Trouble filling missing months of data with zero values

  • Hello,

    Hopefully someone can help a novice with the following problem i have. We have as system that records monthly reported figures and for several accounts, quite often the sites don't report their figures. So for a 12 month period there can often be gaps.

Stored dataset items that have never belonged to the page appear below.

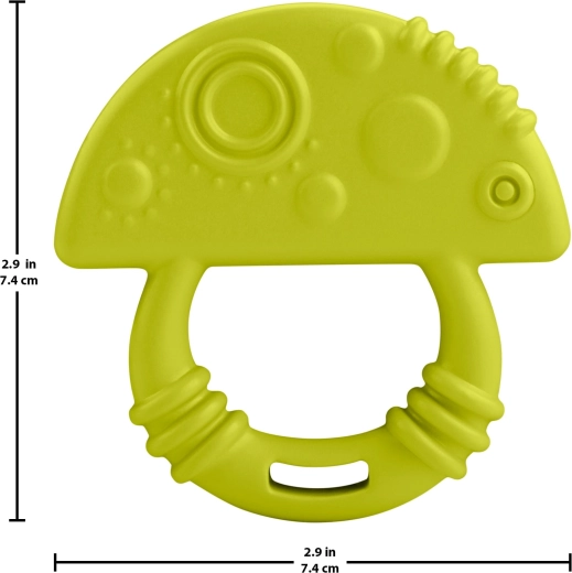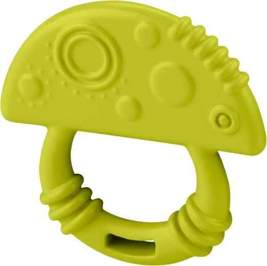 Das Beißspielzeug in Form eines niedlichen Pilzes in grüner Farbe ist für ein bequemes Greifen und natürliches Spiel konzipiert, das die Hand-Auge-Koordination sowie die Feinmotorik fördert. Das weiche und flexible Material ist angenehm zu berühren und sicher für den täglichen Einsatz beim Kauen.
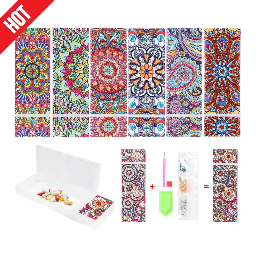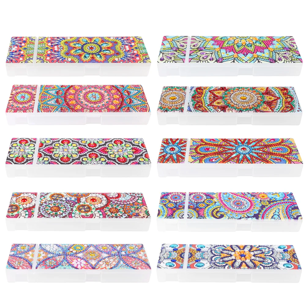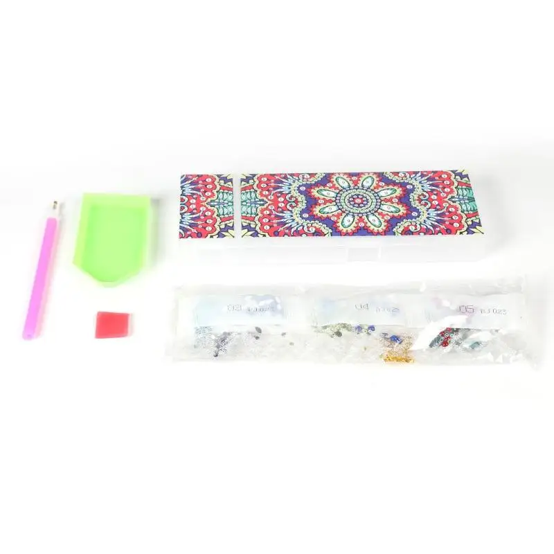 Пенал для алмазной вышивки сделай сам в форме мандалы, 2 ячейки, шкатулка для хранения канцелярских принадлежностей, детский подарок
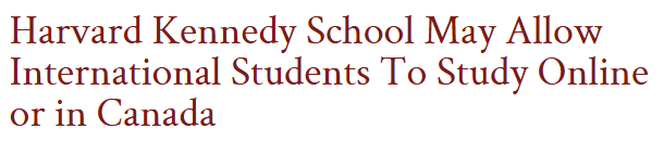 据哈佛深红 (The Harvard Crimson)6月25日报道,哈佛大学肯尼迪政府学院(Harvard Kennedy School)周二宣布,如果国际留学生在下一个学年无法进入美国,该学院可能允许他们在线学习或在多伦多大学完成学业。
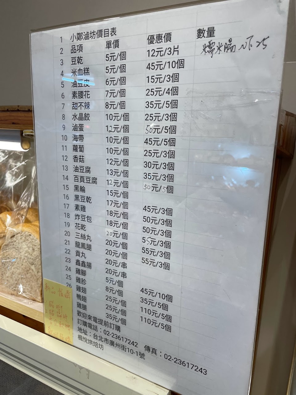 – 麵包種類豐富,價格公道,沒話說的便宜 – 店內還有賣滷味跟一些甜點
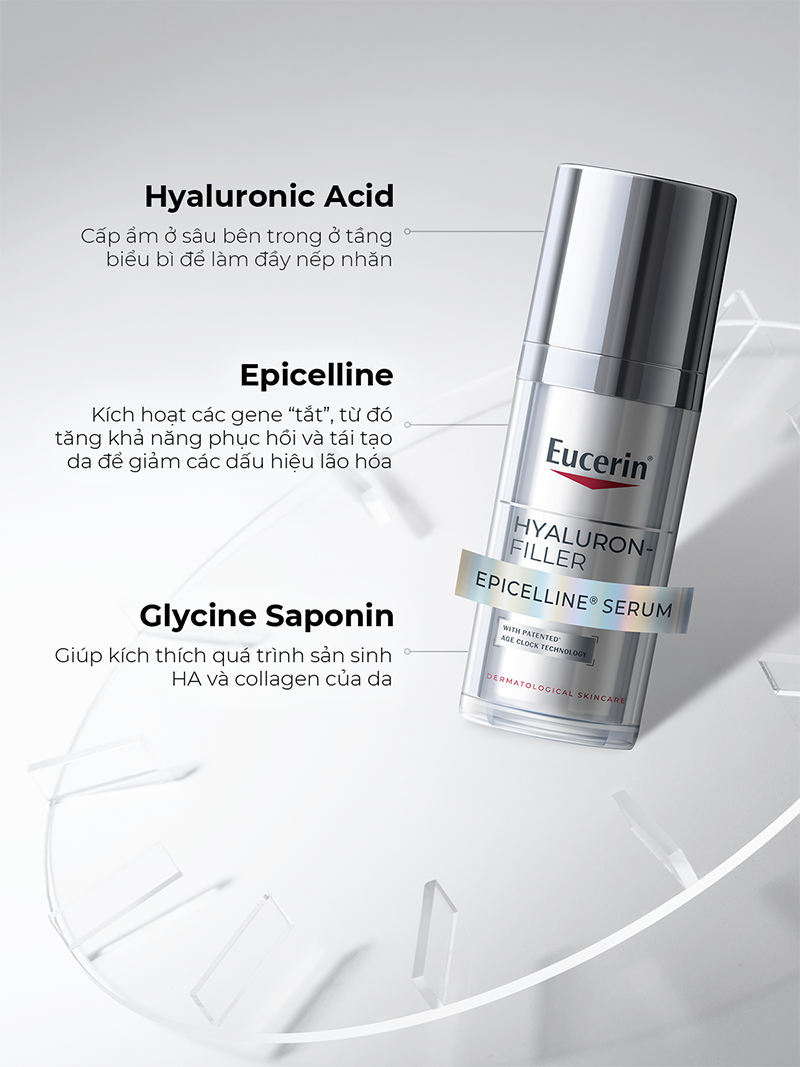 Sau 15 năm nghiên cứu chuyên sâu, Eucerin chính thức giới thiệu thành phần Epicelline trong Eucerin Hyaluron-Filler Epicelline Serum, với kiểm chứng lâm sàng cho thấy làn da có thể trông trẻ hơn đến 5 tuổi chỉ sau 4 tuần sử dụng.
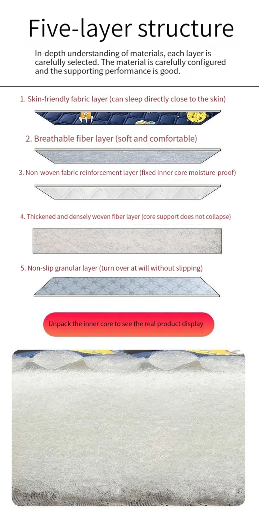 ★3: Experience comfort while lying flat, with no pressure on the body when sleeping on your side, and no pressure on the chest when lying face down. This mattress features a thick, skin-friendly fabric, a full layer of feather cotton, and a full layer of firm fixed cotton.
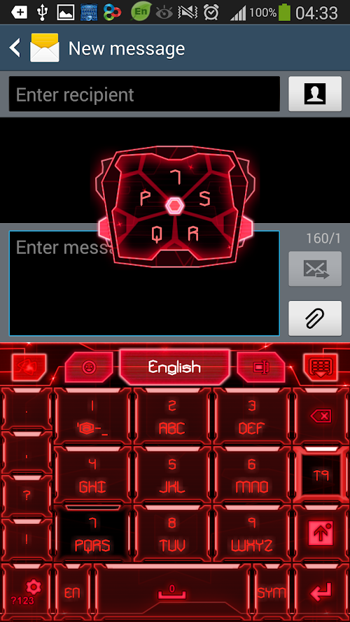 "GO Keyboard Red Tech Theme" is a premium HD theme, designed by Inner Works Studios, for the sci-fi technology heads. The transparent keys have an amazing red neon tech effect, they glow like a laser on a dark background, everything shines red on a dark futuristic alien space ship design. The incredible high tech graphics will transform your keyboard with a unique stylish high-tech look. Enjoy our new free theme and feel free to check out the rest of our Tech series keyboards!
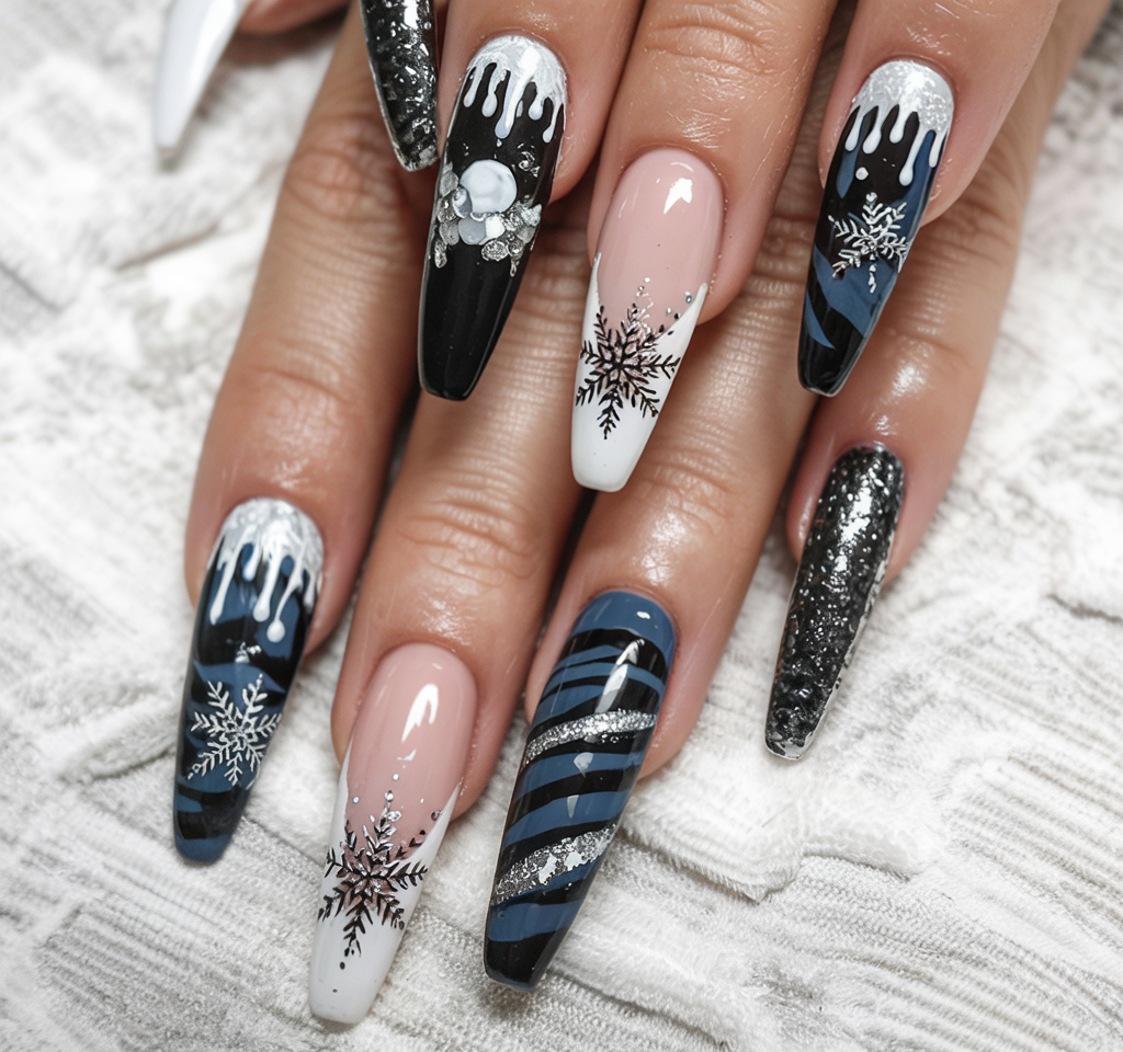 These nails feel like a snowy night under starry skies, with black and navy drips interrupted by silver snowflakes and icy glitter. The long stiletto shape is dramatic, while the layered design renders every nail in another tiny winter scene. The design is bold, edgy, yet elegant; choosing it would suit a gal who opts for the darker alternative to the holiday look.
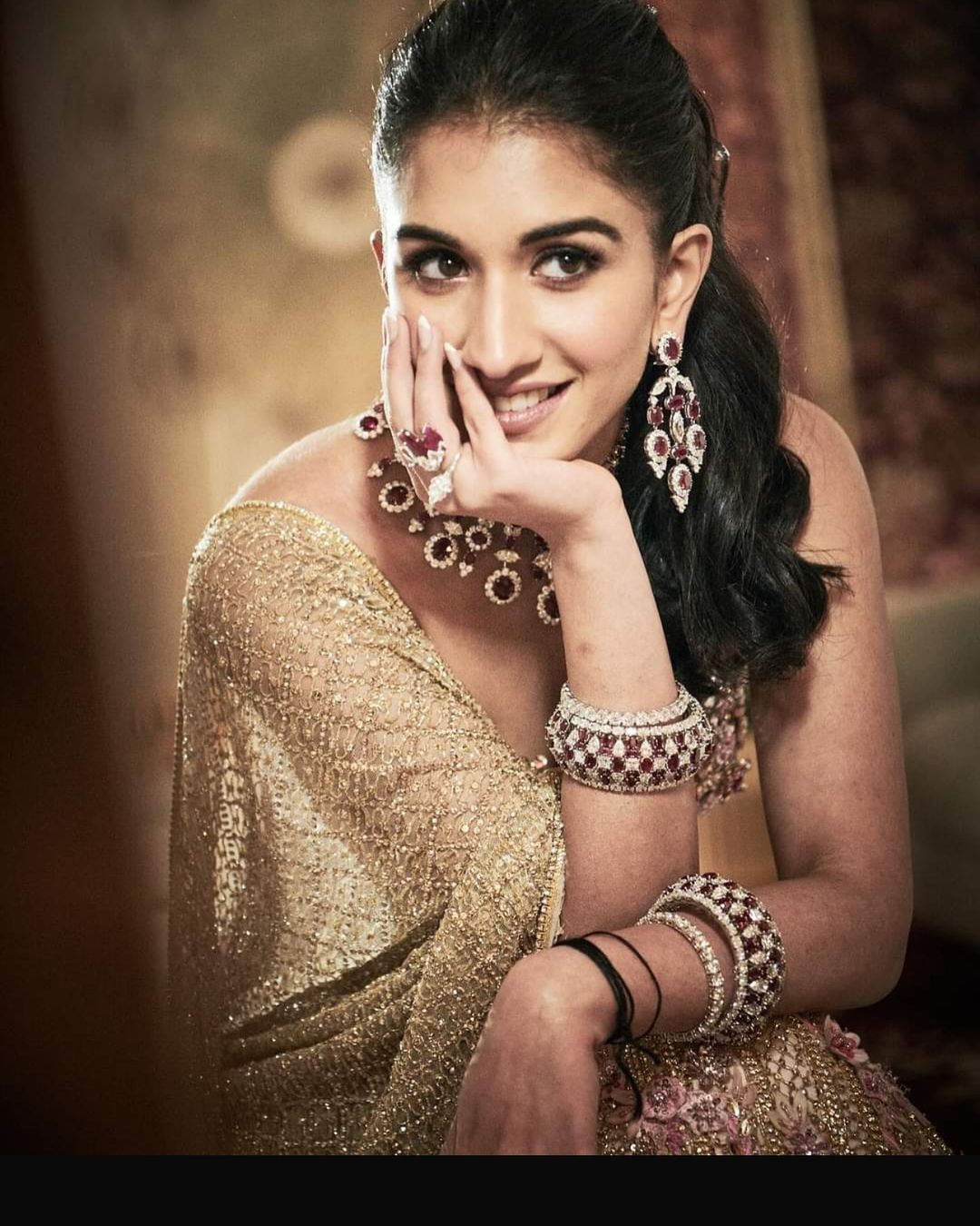 राधिका ने अपने लुक को पूरा करने के लिए डायमंड जड़ा हैवी हार, कान में भारी इयररिंग्स और हाथ में हीरे के जड़ाऊ कंगन पहने हैं| इसके साथ ही बालों को टाइट बांधकर पोनी की है|
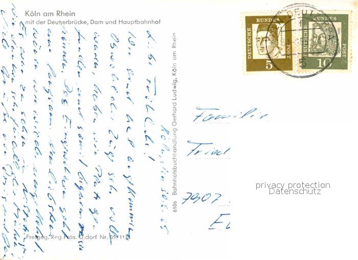 72831463 alte Postkarte Koeln Rhein Fliegeraufnahme mit Deutzerbruecke Dom und Hauptbahnhof postalisch gelaufen Erhaltung siehe scans [LiesaD40] KatCode: 11110005315000
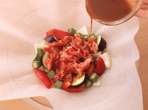「クックパー®クッキングシート(L)」を30cmの正方形に切り、対角線に折ってから耐熱皿に広げ、中央に(1)の野菜、牛肉の順にのせ、合わせたAをまわしかける。
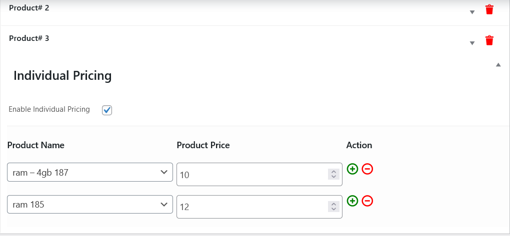Individual pricing are used to modify the product regular price specifically for these composite products. For example the product Ram has 10$ regular price but we can manage its price for that composite product specifically.
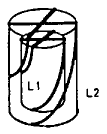 盡管采用較粗的螺旋臂可使四臂螺旋天線輸入端的電抗隨頻率的變化變得較慢,因而能在一定范圍內改善頻帶特性,但這種改進受到很大的限制,且付出的代價是增加了天線的重量和加工難度。為了能真正實現寬帶工作,我們以這種天線為基礎設計出的八臂螺旋天線如圖1所示。這種新型天線由兩付形狀相同,共軸放置,但臂長不同的四臂螺旋天線組成。我們只對其中的一付螺旋天線饋電,另一付天線上的電流則通過電磁耦合得到。
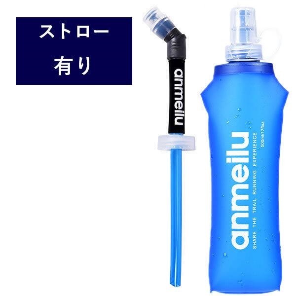 折り畳み ウォーターボトル 給水ボトル ポータブル 水筒 ストロー付き 500ml 携帯ボトル 冷水 温水 水漏れ防止 水分補給 ...
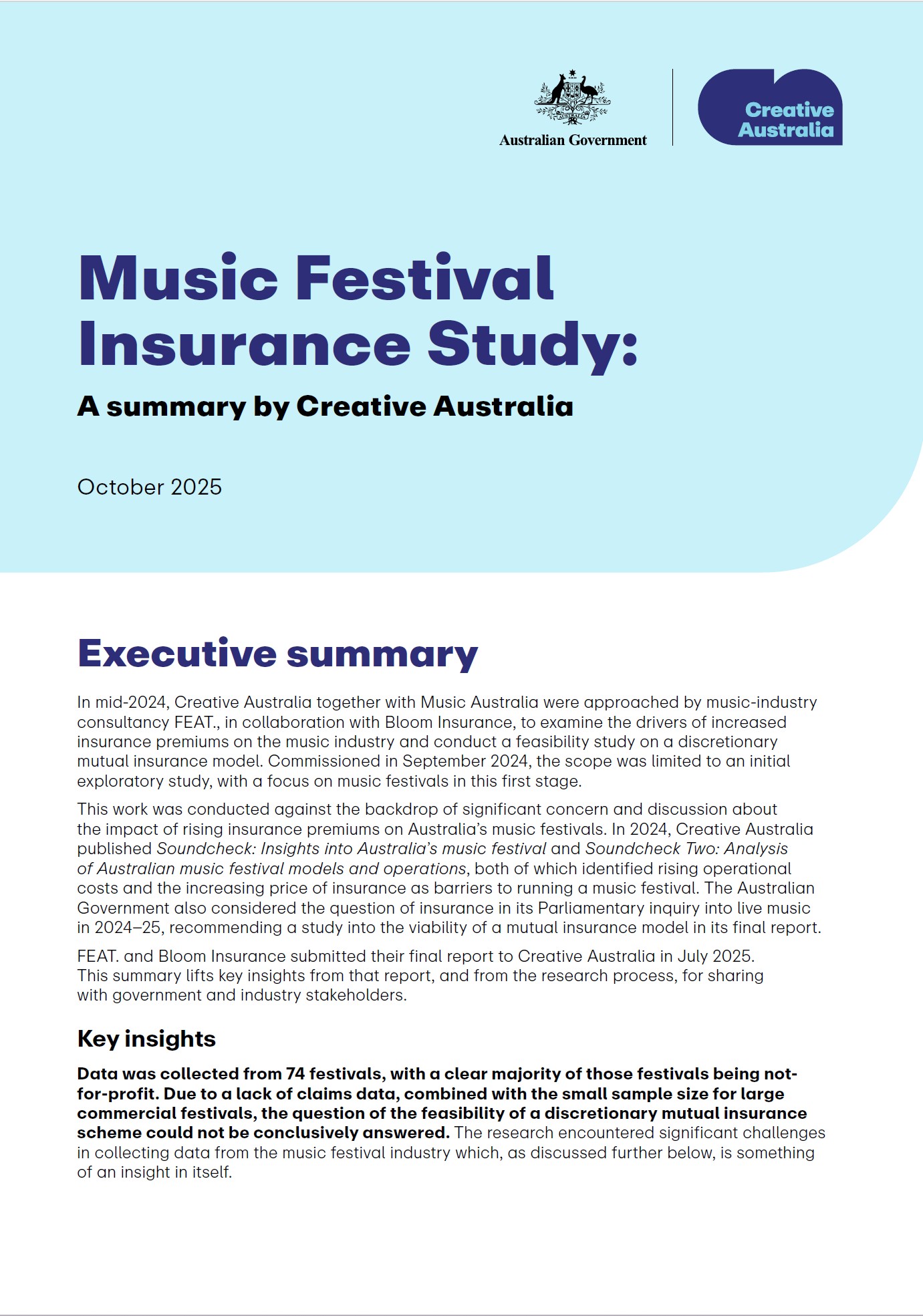 In mid-2024, Creative Australia together with Music Australia were approached by music-industry consultancy FEAT., in collaboration with Bloom Insurance, to conduct a study into the feasibility of a discretionary mutual insurance model for the music industry and examine the drivers of increased insurance premiums. This project was commissioned in September 2024. The scope was limited to an initial exploratory study, with a focus on music festivals in this first stage.
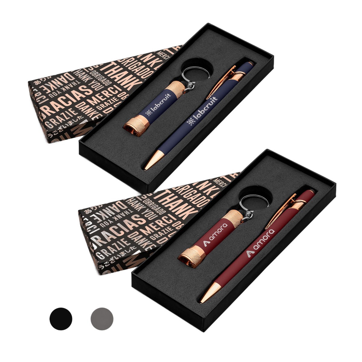 This gift set brings together two of our new rose gold trimmed soft-touch products, the Ellipse Softy ballpoint pen and Chroma Softy LED flashlight. Choose from a variety of classic colors to showcase your company name, logo or advertising information. Both products are imprinted in full-color with ColorJet, and presented in an attractive box with "Thank You" set in metallic rose gold text in multiple languages - a thoughtful way to express gratitude to your employees, business associates and clients. Complies with Prop 65. 6.84" H x 2.84" W x 0.71" D
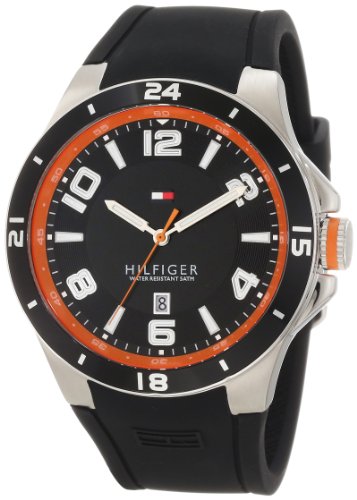 -. Binding : Watch -. Brand : Tommy Hilfiger -. Color : Black -. Department : mens -. EAN : 0885997042123 -. Feature : Quartz movement / Sport stainless steel case with integrated black silicon strap / White arabic numerals / Durable mineral crystal protects watch from scratches, / Water resistant to 165 feet (50 M): suitable for swimming and showering -. Label : Tommy Hilfiger -. Manufacturer : Tommy Hilfiger -. Model : 1790861 -. MPN : 1790861 -. PackageQuantity : 1 -. PartNumber : 1790861 -. ProductGroup : Watch -. ProductTypeName : WATCH -. Publisher : Tommy Hilfiger -. ReleaseDate : 2012-08-25 -. Studio : Tommy Hilfiger -. Title : Tommy Hilfiger Men's 1790861 Sport Bezel and Silicon Strap Watch -. UPC : 885997042123
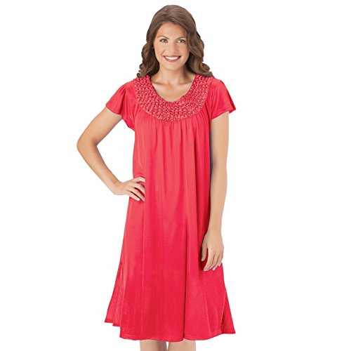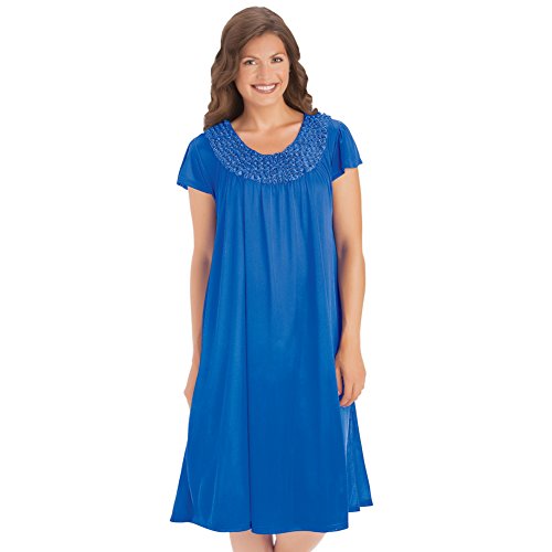 Studio : Collections Etc Publisher : Collections Etc Binding : Apparel Product Description Soft and silky sleepwear features comfortable flutter sleeves and a flattering rounded yoke with tiny floral rosette accents. Machine wash. Polyester; imported. Gown (Approx. 42"L). Colors available in Royal Blue or Red. Sizes available in M(10-12), L(14-16), XL(18-20) or XXL(22-24). 0
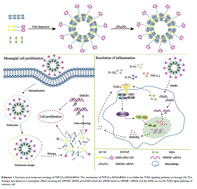 TAT 修饰的阳离子脂质体通过 TLR4 信号通路共同递送双氢青蒿素和 HMGB1 siRNA 用于治疗狼疮性肾炎
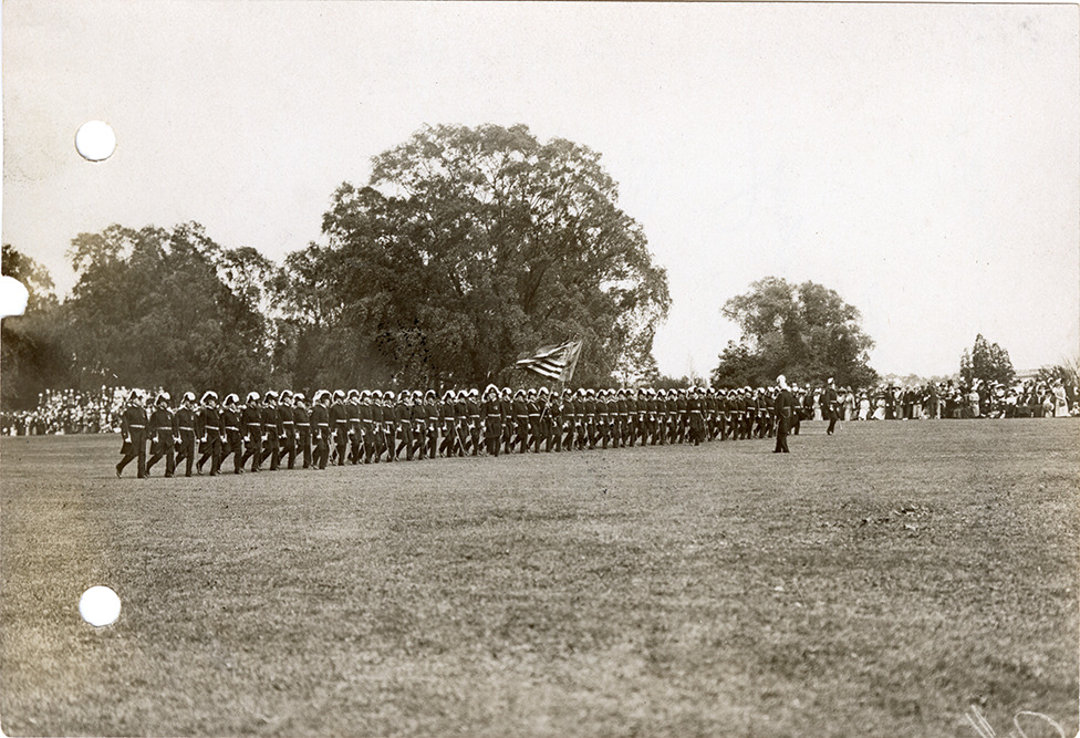 View of the Damascus commandery #42 marching in formation on Belle Isle during the 1912 Knights Templar convention. Handwritten on back: "Damascus commandery #42 at Belle Isle."
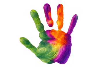 Handprint expressing diversity and creativity with vibrant rainbow colors on a transparent background

    I would like to show all months in a result set and just show a zero '0' if they haven't reported. I am sure that this should be simple but google is not helping me and i am going round in circles. I have tried to use a cross join but can't get close and i have also tried creating a CTE of months (01--12) and left joining to the source data and replacing the nulls. Both ways i have failed.

    Please can you help.

    I have provided some very basic DDL, test data (not the actual source data) to highlight the problem and also a screenshot of the result set that i desire (partial).

    CREATE TABLE TestData
    (
    [Year]INT
    ,[Month]CHAR (2)
    ,[Site]CHAR (5)
    ,[Account]CHAR (4)
    ,[Value]INT
    )

    INSERT INTO TestData ([Year],[Month],[Site],[Account],[Value])
    Values('18','06','Site1','Acc1','75')
    ,('18','12','Site1','Acc1','150')
    ,('18','01','Site1','Acc2','25')
    ,('18','05','Site1','Acc2','50')
    ,('18','01','Site2','Acc1','65')
    ,('18','03','Site2','Acc1','10')
    ,('18','08','Site2','Acc1','70')
    ,('18','03','Site2','Acc2','35')
    ,('18','04','Site2','Acc2','15')

    sqlss1

    This is my desired result for this test data (Partial):

    sqlss2l

    Thanks in advance,

     

    • This topic was modified 3 years, 4 months ago by  scienceof8.
  • Is your data really broken out by year and month?  With the month value set as char(2)?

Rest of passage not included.